Case study Chapter 13 (Probability )

After observing attendence register of class XII, class teacher Shri Mishra comes on conclusion that 30% students
have 100% attendence and 70% students are irregular to attend class. When he observed previous year result, he found that 70% of all students who have 100% attendence attain distinction marks while 10% irregular students attain distinction marks. At the end of the year, one student is choosen at random from the class.(Case study problem probability 4 chapter 13 class 12)

Case study problem probability 4 chapter 13 class 12 — After observing attendence register of class XII, class teacher Shri Mishra comes on conclusion that 30% students

(i) The conditional probability that selected student has distinction marks given that the student has 100% attendence is
(a) 1/10 (b) 3/10
(c) 7/10 (d) 9/10

(ii) The conditional probability that selected student has distinction marks, given that tha student is irregular is

(a) 1/10 (b) 3/10
(c) 7/10 (d) 9/10

(iii) Total probability of the selected student having distinction marks from class is

(a) 4/25 (b) 3/25
(c) 7/25 (d) 1/25

(iv) If in random selection, selected student has distinction marks, the probability that the student has 100% attendence is

(a) 1/4 (b) 3/4
(c) 4/7 (d) 3/7

(v) If in random selection, selected student has distinction marks, then the probability that the student is irregular, is
(a) 3/4 (b) 4/7
(c) 1/4 (d) 3/7

Solution: Let X, Y and A be the event such that

X = Student has 100% attendence
Y = Student is irregular
A = Student attains distingtion marks

P(X) = 30/100, P(Y) = 70/100

P(A/X) = 70/100, P(A/Y) = 10/100

(i) Answer (c)
P( student has distinction marks given that the student has 100% attendence )

P(A/X) = 70/100 = 7/10

(ii) Answer (a)

P( student has distinction marks, given that tha student is irregular )

P(A/Y) = 10/100 = 1/10

(iii) Answer (c)

Total probability of the selected student having distinction marks

$P(A) = P(X)\times P(A/X) + P(Y)\times P(A/Y)$
$=\frac{30}{100}\times \frac{70}{100}+ \frac{70}{100}\times \frac{10}{100}$

$= \frac{21}{100}+\frac{7}{100}$
$= \frac{28}{100}=\frac{7}{25}$

(iv) Answer (b)

P( selected student has distinction marks, the probability that the student has 100% attendence)

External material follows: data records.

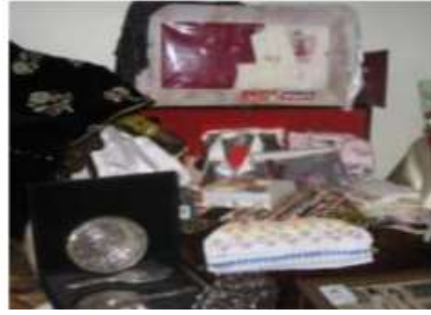
Şekil 13. Çeyizde sergilenen hamam takımı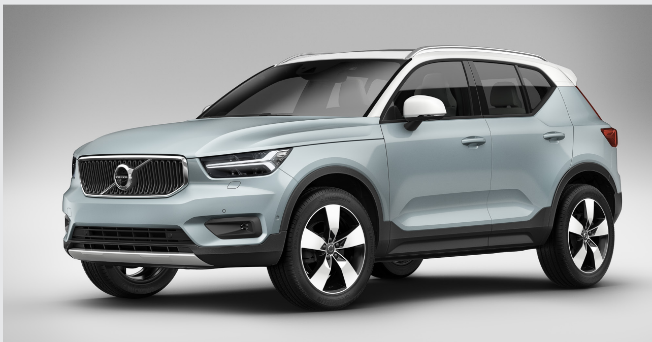
Výbava MOMENTUM, farba Amazon Blue; voliteľná biela kontrastná strecha a spätné zrkadlá, voliteľné 19-palcové disky biele

18-palcové disky z ľahkej zliatiny, 5-lúčové, prevedenie Silver, pneumatiky 235/55 R18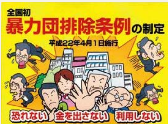
「福岡県暴力団排除条例制定チラシ」より引用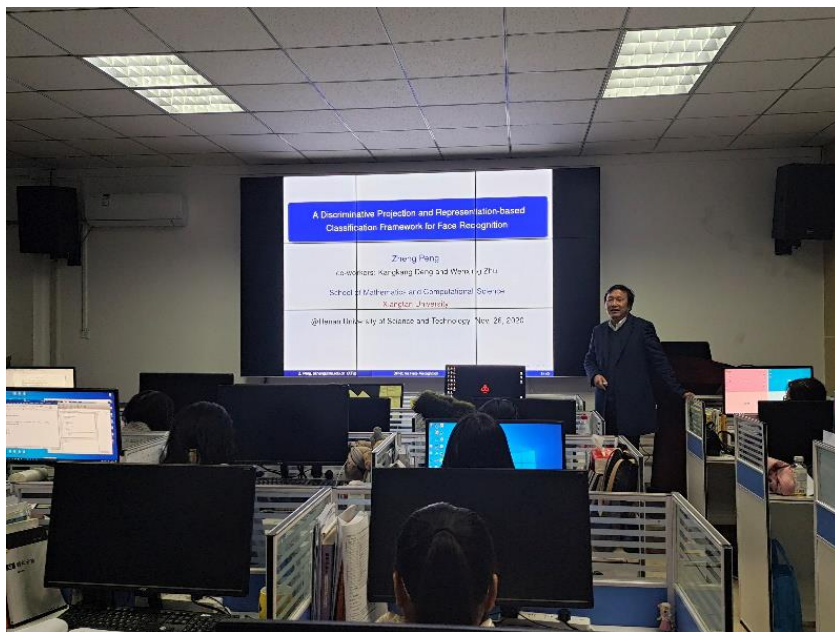
图 2 学术交流情况

中国科学院分子细胞科学卓越创新中心教授、博士生导师，系统生物学重点实验室执行主任，国家重点研发计划首席科学家，陈洛南教授作了题为《基于动态网络标志物的复杂疾病早期预测的方法研究》的学术报告。2020年11月26日邀请湘潭大学彭拯教授到我校作题为《A Discriminative Projection and Sparse Representation-based Classification Framework for Face Recognition》的学术报告。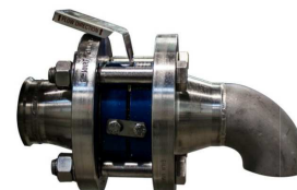
ラブチャーディスク (オプション)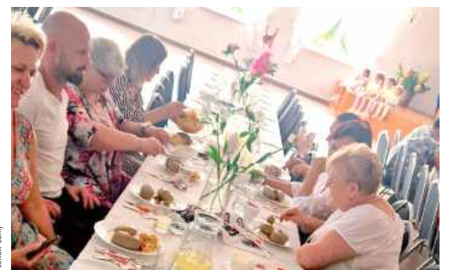
Po gotowaniu przyszedł czas na degustację pyszności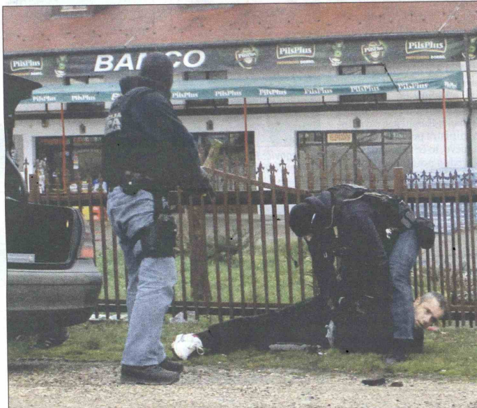
Hapšenje u Bosanskom Brodu: Bh. specijalci izveli hitru akciju

$P(X/A)= \frac{P(X)\times P(\frac{A}{X})}{P(X)\times P(\frac{A}{X})+P(Y)\times P(\frac{A}{Y})}$

$= \frac{\frac{30}{100}\times \frac{70}{100}}{\frac{30}{100}\times \frac{70}{100}+ \frac{70}{100}\times \frac{10}{100}}$

$= \frac{\frac{21}{100}}{\frac{21}{100}+\frac{7}{100}}$

$= \frac{21}{100}\times \frac{100}{28} = \frac{21}{28}$

$= \frac{3}{4}$

(v) Answer (c)

P(selected student has distinction marks, then the probability that the student is irregular)

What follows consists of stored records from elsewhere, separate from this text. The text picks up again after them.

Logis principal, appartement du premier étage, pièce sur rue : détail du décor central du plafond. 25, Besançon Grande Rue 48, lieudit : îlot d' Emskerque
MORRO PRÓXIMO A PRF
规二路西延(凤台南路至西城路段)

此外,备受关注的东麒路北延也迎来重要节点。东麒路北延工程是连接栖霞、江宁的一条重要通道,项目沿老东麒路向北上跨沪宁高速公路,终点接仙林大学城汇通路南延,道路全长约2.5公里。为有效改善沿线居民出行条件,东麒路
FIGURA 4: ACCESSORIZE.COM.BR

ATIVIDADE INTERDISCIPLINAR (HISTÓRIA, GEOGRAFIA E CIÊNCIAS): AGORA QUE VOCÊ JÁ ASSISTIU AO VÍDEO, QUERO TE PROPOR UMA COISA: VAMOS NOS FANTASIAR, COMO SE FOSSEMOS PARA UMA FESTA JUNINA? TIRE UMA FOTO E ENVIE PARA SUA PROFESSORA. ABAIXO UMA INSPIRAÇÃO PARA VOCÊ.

$P(Y/A)= \frac{P(Y)\times P(\frac{A}{Y})}{P(X)\times P(\frac{A}{X})+P(Y)\times P(\frac{A}{Y})}$

$= \frac{\frac{70}{100}\times \frac{10}{100}}{\frac{30}{100}\times \frac{70}{100}+ \frac{70}{100}\times \frac{10}{100}}$

$= \frac{\frac{7}{100}}{\frac{21}{100}+\frac{7}{100}}$

$= \frac{7}{28}= \frac{1}{4}$

cbse

Case study Chapter 13 (Probability )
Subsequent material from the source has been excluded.